И вот я сижу в одиночестве – ведьма, скрывающая свои способности; подруга принца, не способная найти себе места.
Пока Ник готовится к выступлению, я сажусь так, чтобы ему было хорошо меня видно. На случай если мужество покинет друга – как тогда на пути к перевалу Лиль Бьерг. Но я нахожу место с краю, чтобы, повернув голову, суметь беспрепятственно смотреть на море.
Он приедет.
Он обещал.
Какая тебе вообще разница?
Я снова взглянула на королевскую семью. И на языки пламени. Еще до дебюта Ника мне придется пройти эту пытку.
Перед началом «праздничного» обряда также принято произносить речь. И хотя король сложил все свои полномочия и передал их Нику, королева Шарлотта ни за что не упустит возможности поговорить об ужасном колдовстве.
Королева – воплощение красоты, со своей изящной фигурой и лебединой грацией.

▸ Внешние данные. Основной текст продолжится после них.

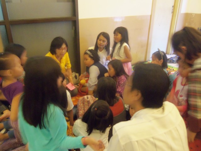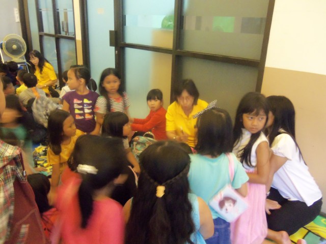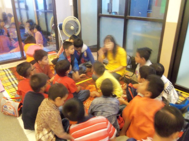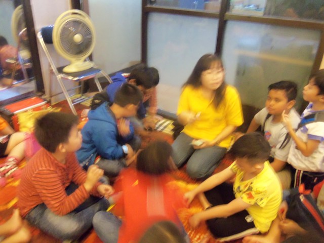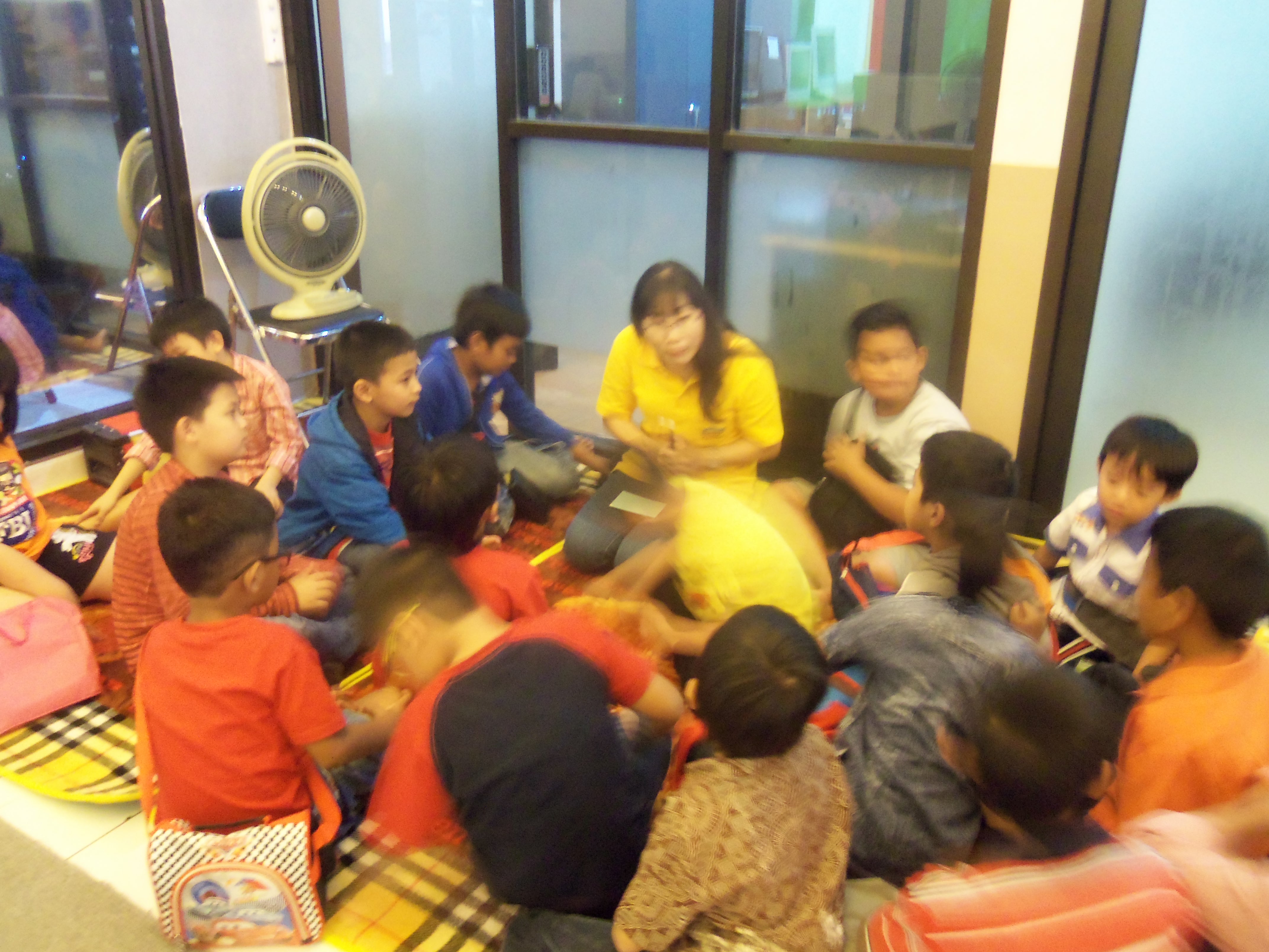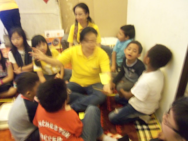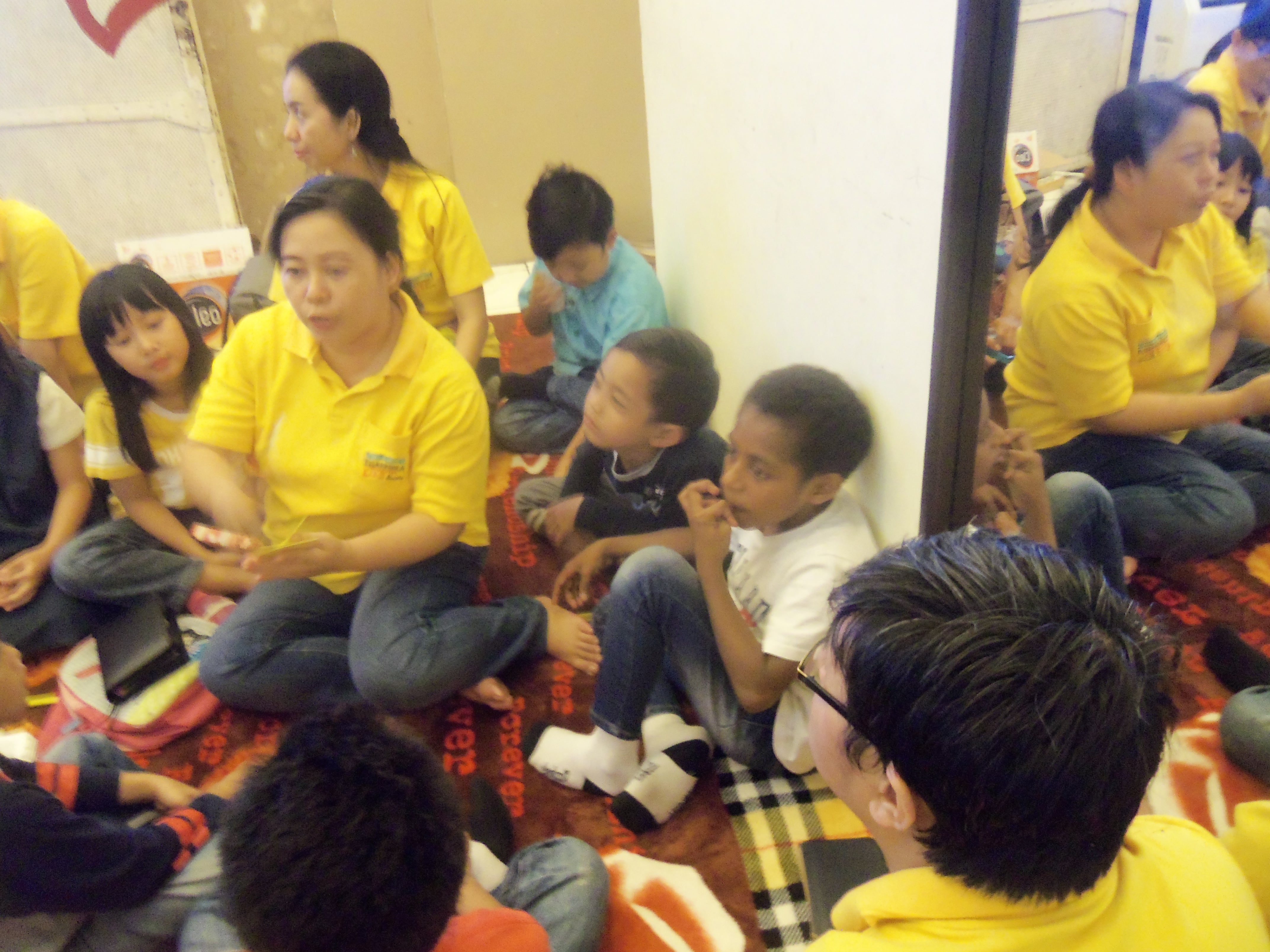 Anak-anak dibagi dalam 3 kelompok. Sebelumnya kondisikan anak-anak sudah duduk sesuai kelompoknya.

Ее волосы завиты и уложены в высокую прическу. Светлым ореолом они красуются вокруг короны из сапфиров и бриллиантов. Она делает шаг вперед. Свет костра освещает женщину – она словно сошла с картины.
В ее руках одетая в кроваво-красное платье кукла. Она первая совершит обряд.
Как будто бы в смерти каждого датчанина, ушедшего из жизни за последние шестьсот лет, были виноваты ведьмы.
Как будто бы Ольденбурги не казнили сотни женщин, не имея серьезных доказательств их вины.
Как будто бы король Кристиан IV, известный как «Охотник на ведьм», не кичился своей репутацией и количеством жизней, которые загубил.
– Добрый вечер, мои дорогие, – королева Шарлотта приветствует толпу улыбкой, напоминающей трещащий под давлением лед. – Этой ночью мы празднуем не только начало Литасблота в Хаунештаде, но и вспоминаем тяжелые испытания, выпавшие на долю наших предков.
Костяшки моих пальцев белеют, когда я сжимаю лежащую на коленях куклу. Слушать королеву даже хуже, чем бросать олицетворяющую меня фигурку в огонь.
– Мы, обитатели королевств на берегах Эресунна, живем в гармонии и безопасности благодаря храбрости короля Кристиана IV. Мы живем в гармонии и безопасности благодаря установленным им законам. Колдовству место в глубинах ада.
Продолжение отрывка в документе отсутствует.